Figure 8. Mitochondrial calcium uptake as a function of cell culture passage number.

Representative quantitation of mitochondrial Ca²⁺ uptake elicited by ATP 100 μM n mouse embryonic fibroblasts (MEFs) from low and high passage rates. Mitochondrial calcium concentration ([Ca²⁺]_m).

Figure 9. Mitochondrial-related alterations in principal neurodegenerative disorders.

In Alzheimer’s disease amyloid peptides (Ab) can aggregate to mitochondria and interact with Ab alcohol dehydrogenase (ABAD) to induce cytochrome C release and ROS production. Contemporary altered activity of Krebs cycle enzymes (KC), complexes of respiratory chain, and proteins involved in mitochondria fusion and fission leads to impaired mitochondrial remodeling and ROS production. Similar readouts on mitochondrial physiology are observed in Parkinson’s disease. Aggregation of mutant synuclein (syn) impair activity of respiratory complex I similarly as many pro-parkinsonian compounds. In this scenario should be added the activity of mutant proteins such as PINK1, DJ-1, Parkin, LRRK2 that impair mitochondrial modeling and recycling as promoting induction of cytochrome C release. In Huntington disease mutant huntingtin (carrying poliQ expansion) can impair activity of II respiratory complex (with consequent ROS production) and mitochondria transport along filaments in axons. Also superoxide dismutase 1 (SOD1) mutations causing ALS can induce appearance of toxic mitochondrial aggregates that lead to improved toxic ROS production. Altered protein or OXPHOS complexes activities are shown with a plus or minus symbol in a circle, mutant proteins instead are marked by an M in a circle.

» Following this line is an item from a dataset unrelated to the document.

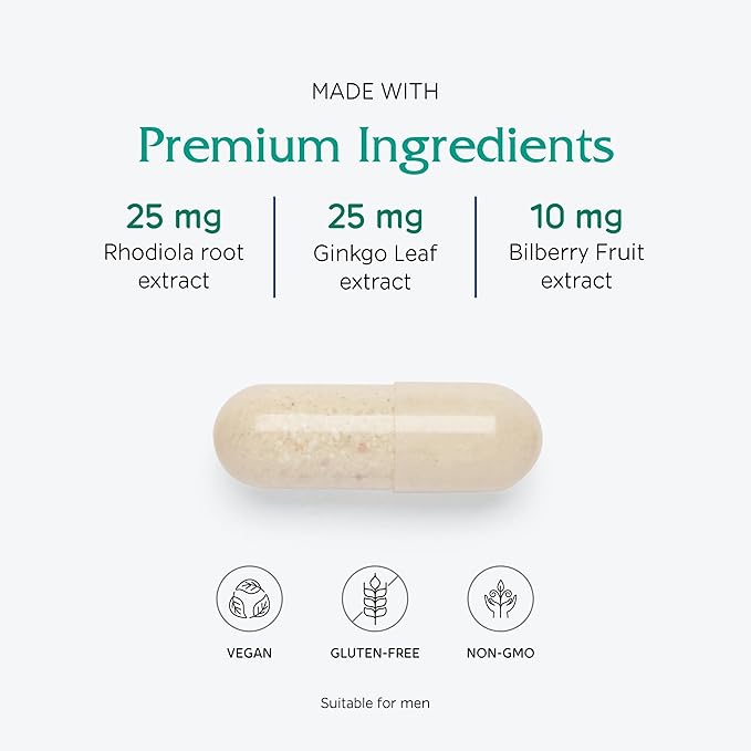 • Botanical support from: Rhodiola, Ginkgo and Bilberry fruit. Additional antioxidant support with: CoQ10 and Lutein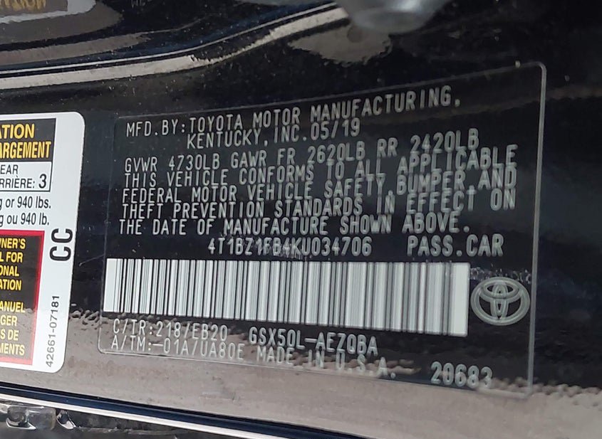 - VIN: 4T1BZ1FB4KU034706

Figure 10. Schematic view of various compounds that reduce oxidative stress in diseases mentioned in the text and their correlation with neurodegenerative disorders.

Mitochondrial selective compounds can act in directly buffering ROS production, such as Szeto–Shiller peptides (SS), vitamine E or coenzyme Q (CoQ), and derivatives. Buffering of ROS production could by obtained by inhibiting interaction between Keap1 and the nuclear respiratory factor 2 (NRF2). Restoration of mitochondrial functions has been also obtained by the use of drugs targeting Kreb’s cycle, such as lipoic acid, acetyl-l-carnitine (ALCAR), or creatine.